A beautiful stone surround, slate chinza hearth with plinth to match and stove with easy access soot door for sweeping. All perfectly sized for the slightly smaller chimney breast.
This was a very busy day, we had to remove a cast iron insert and rubble from a fireplace while leaving the stone surround in place. Then clean and repoint the brick work in the recess, lay a new hearth and connect a gas stove on a balanced flue out through the wall. Quite the transformation.
Every now and again we get a job which has almost endless rubble, as the transformation starts off being something very dated and impractical to something more fitting for the room and the customer. This job was certainly one of those jobs.
Dave was very happy to start removing the stone fireplace from the inglenook, designing and re-laying a new flagstone hearth and rendering the back wall. After one of our clean ups, this fireplace now looks more in keeping with the cottage that it resides.
How about this for a transformation?! We removed a very heavy, old cast iron insert. Created a rendered chamber, fitted a new hearth and slips in polished slate and installed a new stove and lining, complete with chimwrap insulation. Really great job by David, Peter and Darren. The before picture is not very good but you get the idea.
We work with a large number of Estate management companies, making sure that there tenanted properties fireplaces are safe to use and well maintained.

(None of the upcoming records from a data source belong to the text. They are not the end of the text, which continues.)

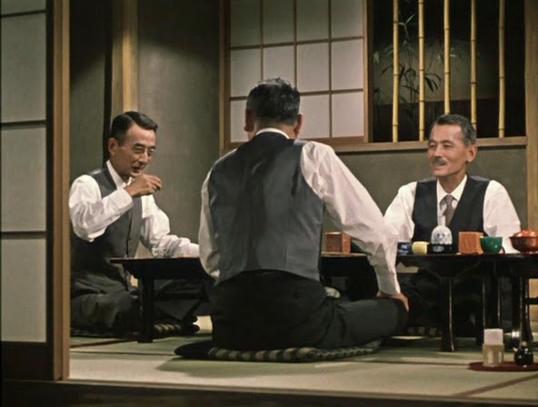 An Autumn Afternoon tells the story of Hirayama (Chishu Ryu), an older man, who has three children. His eldest son, Koichi, is married and lives away from home, while his daughter Michiko and college-son Kazuo remain at home. He works within a factory and meets with his friends Kawai and Horie over sake and . The three friends spend a night with a former teacher, referred to as ‘The Gourd’, who lives alone with his daughter. ‘The Gourd’ works in a noodle shop, his daughter is older now and will clearly not marry as she has dedicated her life to look after her father. Kawai tells Hirayama that this could be him and his daughter. This becomes the drive of the story as Hirayama has to release his daughter from the boundaries of home, and marry into another family – as Hirayama will have to learn how to look after himself.
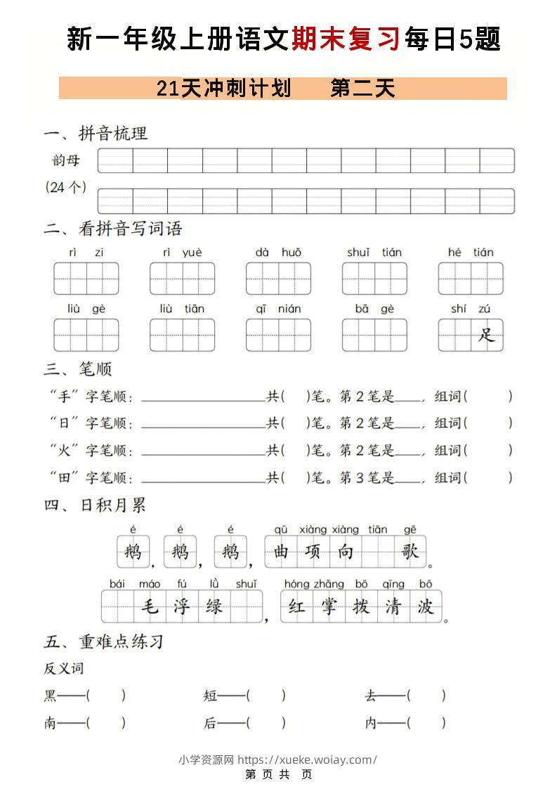 一年级上语文期末复习21天冲刺计划每日5道题admin6天前发布关注私信02710一年级上语文期末复习21天冲刺计划每日5道题此内容为付费资源,请付费后查看¥10黄金会员免费钻石会员免费立即购买您当前未登录!建议登陆后购买,可保存购买订单格式pdf页数21 页大小6.61 MB付费资源 ——预览已结束,还剩19页未读——开通会员后可免费下载高清完整文档 © 版权声明文章版权归作者所有,未经允许请勿转载。THE END小学语文 喜欢就支持一下吧点赞10 分享QQ空间微博QQ好友海报分享复制链接收藏
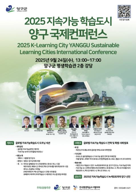 양구군은 24일 평생학습관에서 ‘2025 양구 지속가능학습도시 국제컨퍼런스’를 개최한다. 라틴아메리카 GNLC(Global Network of Learning Cities) 시장단 2명을 포함해 관계자 18명 등 총 21명이 초청되며, 양구군민과 평생교육 관계자 등 200여 명이 온·오프라인으로 함께한다.
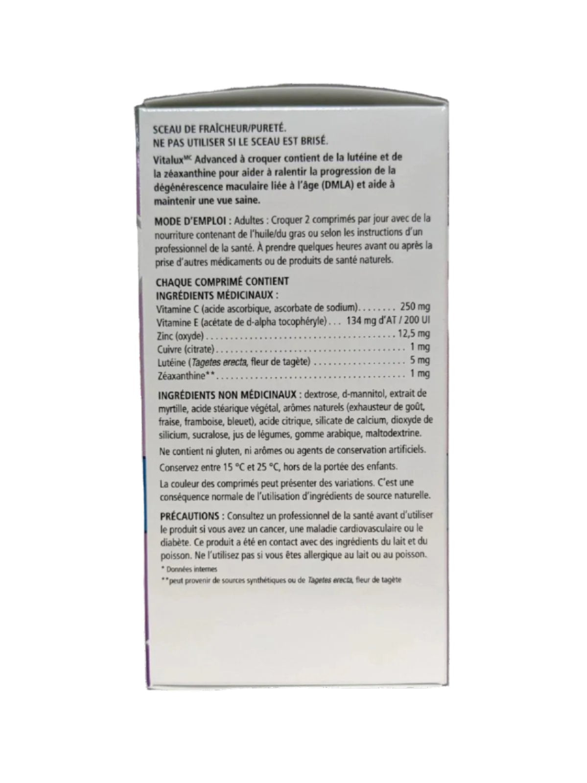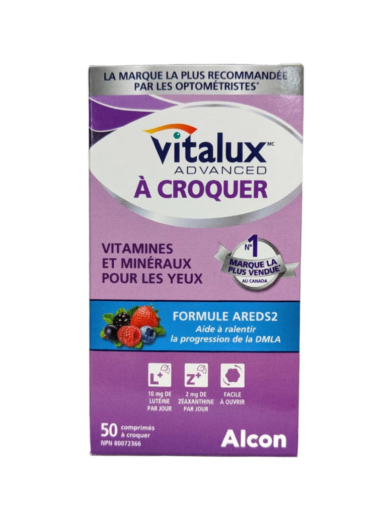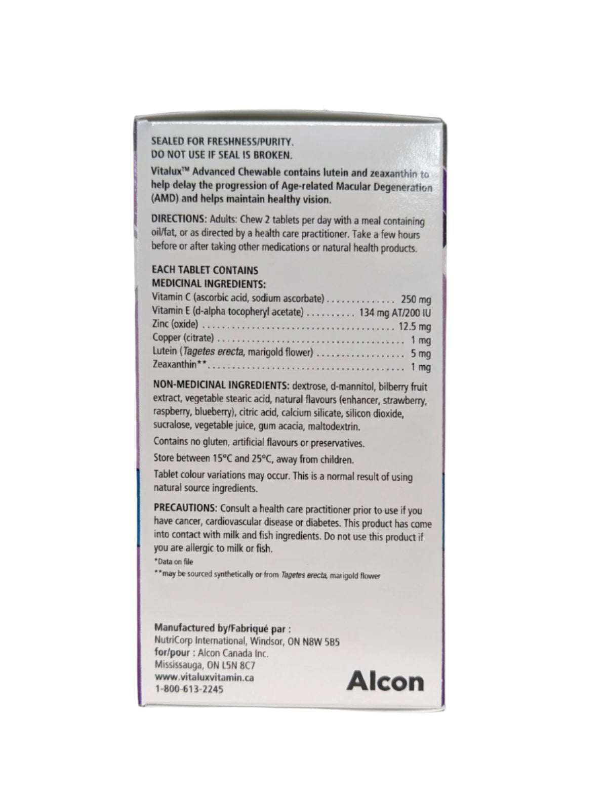 VITALUX® Advanced Chewable is formulated to help delay the progression of Age-related Macular Degeneration (AMD) and help maintain healthy vision. The AREDS2 formula contains the right vitamins at the right doses for AMD; the daily recommended serving (2 chewable tablets) contains 10 mg of Lutein, 2 mg of Zeaxanthin, Vitamin C & E, Zinc, and Copper to support healthy eyes. These chewable ocular vitamins come in a tasty berry flavour making it simple and delicious to help maintain healthy vision.

Here we were asked to inspect a fireplace in Kingwestern and discovered some alarming issues, namely that most of the materials used were combustible in one way or another. So to solve the problem, all of the unsafe materials were removed and the fireplace refitted with a new hearth and inner surround in slate. Then the open fire was replaced with a more manageable Jetmaster inset. All very effective and most importantly, safe to use.